Nous serons dans une situation extrêmement fragile aussi longtemps que nous ne saurons pas en France trouver de solutions au manque de capitaux. Un investisseur et une association nous ont interrogés sur la manière dont le capital de Publicis était détenu. Malheureusement, notre situation n'est pas très différente de celles des entreprises du CAC 40 : 59 % de notre capital est détenu par des investisseurs étrangers. Heureusement que la famille et les salariés en détiennent encore une part, autrement, ce pourcentage s'établirait plutôt à 65 % ou 70 %.

Pour conclure, permettez-moi de revenir sur un point qu'il me paraît intéressant d'explorer. Depuis de très nombreuses années, on fait peser l'impôt sur un nombre de plus en plus petit, soit d'entreprises, soit d'individus. L'assiette se restreignant, la pression augmente. De ce fait, nombreux sont les gens qui cherchent des moyens pour éviter de payer l'impôt. La conclusion est simple : nous avons intérêt à élargir la base, comme c'est le cas dans tous les pays.

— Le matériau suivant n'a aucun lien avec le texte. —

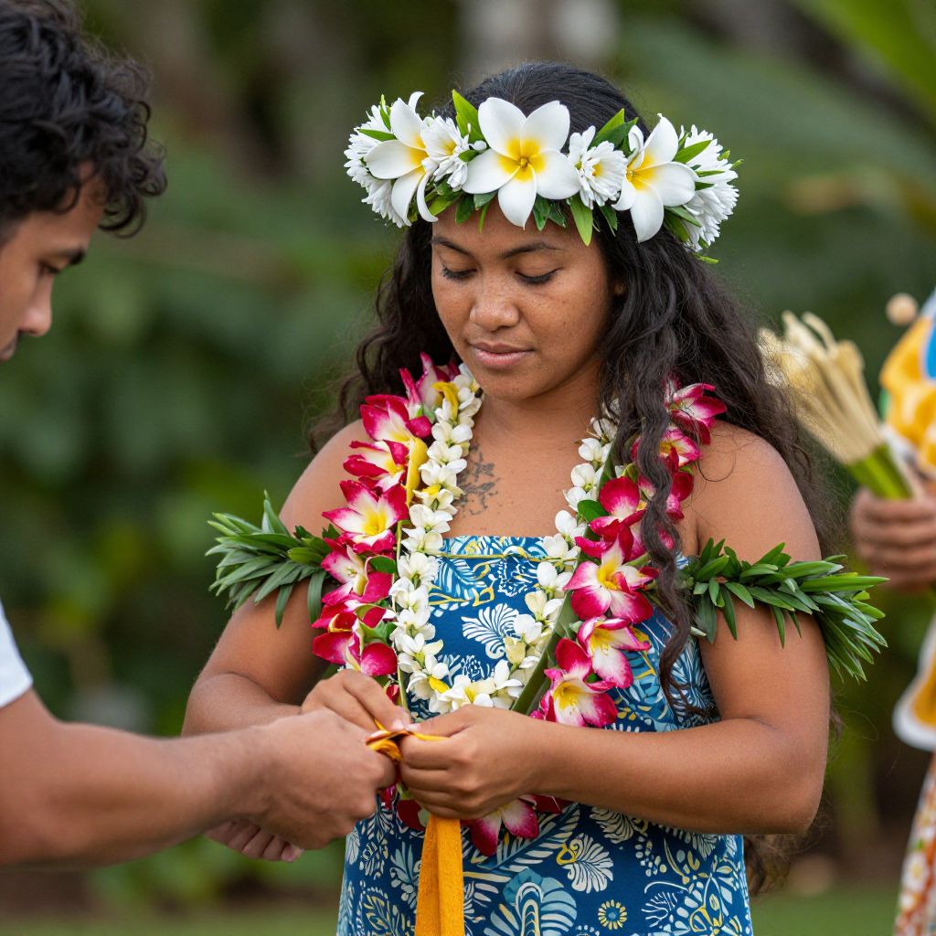 Photograph of a young Pacific Islander woman with dark brown skin and long black hair, adorned with a white and yellow flower crown. She wears a blue dress with white floral patterns and a red and white flower lei around her neck, which she is holding with both hands. A man with curly black hair and medium brown skin, wearing a white shirt, is adjusting the lei on her right side. The background is blurred, showing green foliage. Another person with a similar flower crown is partially visible on the right.

Certes, il y a partout un peu de fraude. Toutefois, j'ai l'impression que les médias ne nous rendent pas service lorsqu'ils titrent par exemple : « La fraude fiscale : le sport favori des Français ». Ils ne cessent de publier des numéros spéciaux dans lesquels des spécialistes donnent des trucs pour éviter d'avoir à payer trop d'impôts. Nous-mêmes, nous sommes fréquemment sollicités par des entreprises, des conseils, qui nous proposent de réduire la base fiscale de Publicis. Nous évitons cela. À titre personnel, je l'évite.